Featured News 2012 Define the Law: Parental Kidnappings

Define the Law: Parental Kidnappings

When a couple decides on a divorce, the court will help to mediate the future residency of the children that are a product of the marriage. Many times one parent will receive custody, and the other will be permitted visitations and special time with the child on holidays, weekends, or vacations. Yet there are times when a jealous parent wants more time than the court allotted, and in his or her anger he or she may decide to take drastic measures. When a parent steals the children from the other spouse who has been given legal custody, it is considered kidnapping, and this is dealt with seriously. Parents who steal their children can face years in jail, and be restrained from seeing their children in the future.

To use an example, Trena Slinkard is one of the FBI's most wanted parental kidnappers. She left the state of Indiana with her three children in 1995, during the middle of divorce proceedings. Allegedly, when she realized that she may not receive full custody of her children, she fled with them, hoping to have them all to herself. According to the terms of the divorce, Mr. Slinkard had full custody of the three children, though he has not seen them since they were stolen away in 1995. In 1996, the Hancock Circuit Court issued a search warrant for Trena Slinkard, saying that she had violated her custody order.

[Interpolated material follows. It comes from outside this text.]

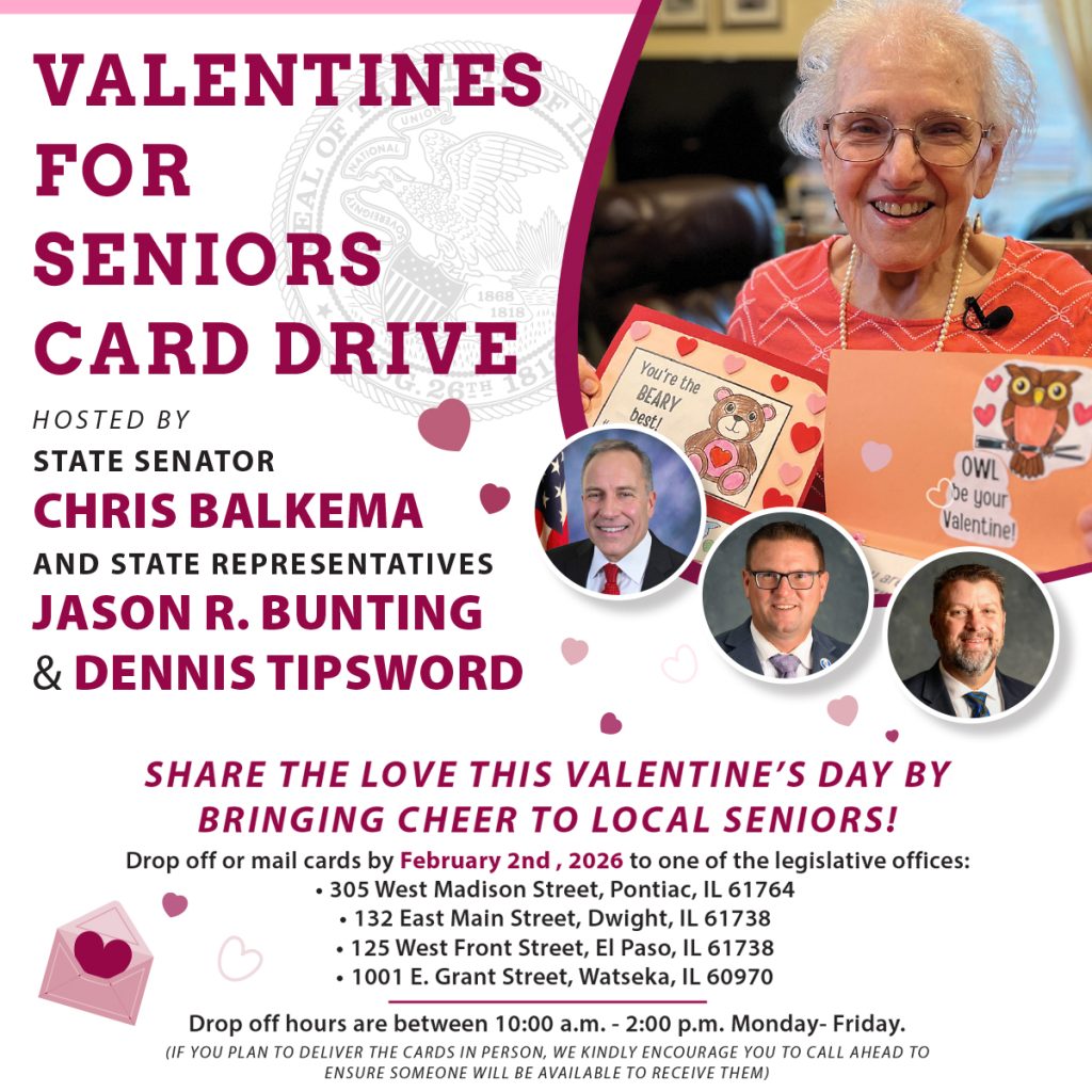 My office is co-hosting a Valentines for Seniors Card Drive, with the deadline for submissions on February 2. Please consider bringing Valentine’s Day cheer to our local seniors! Cards can be dropped off or mailed to one of our legislative offices listed above. Thank you in advance for your support and for helping to bring kindness and smiles to our communities!

Later on, the Indiana issued another warrant that declared Slinkard had committed unlawful flight to avoid prosecution. This fugitive has never been found, but the FBI is still on the lookout for her and her new husband, who is also a fugitive. Unlike Slinkard, other mothers and fathers have fled with their children in order to avoid deportation, or to avoid prosecution about family issues such as parental abuse. Many parental kidnappers will take their children to a different country, where they are hard to locate.

Parental kidnapping is defined as the concealment, taking of, or retention of a child by his or her parent. This action must be in violation of the rights of the child's other parent or another family member who also had custody of or guardianship over the child. In many cases, the kidnapping is a violation of the parent's custody or visitation rights, which were set by the court following a divorce with the child's other parent. This crime is not simply a violation of custody. In fact, courts consider parental kidnapping to be a serious criminal act.

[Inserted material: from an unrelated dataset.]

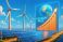 Digital depiction of rising electricity prices with wind turbines and solar panels #1818124727

Parents who kidnapped their children are almost always on the run, living their lives as fugitives. Most often the children are given new names, haircuts, and other alterations to their appearances in order to keep them from being recognized by authorities. If the children are young when they are kidnapped, chances are that the kidnapping parent will never admit that he or she stole the child. Instead, the child will grow up believing that he or she has always been in a single-parent family. Children are very impressionable at a young age. When their parent commands them not to reveal their address, home state, birth date, or other identifying information, they naturally comply.

Child kidnapping has serious implications on the children, because they are often traumatized emotionally and psychologically. Many times abducted children suffer from a reactive attachment disorder, a generalized anxiety disorder, or a post-traumatic stress disorder that will affect their ability to socialize and learn. Parents who kidnap their children sometimes believe that they are taking their only option. Sometimes parents may flee with their children to avoid an abusive situation, or a custody statute that would put the children in harm's way. In these cases it is much better to contact authorities and report the abusive parent. The law is set up to help parents and children from being harmed, and authorities may be able to remove the parent and child from a volatile environment without the need to flee.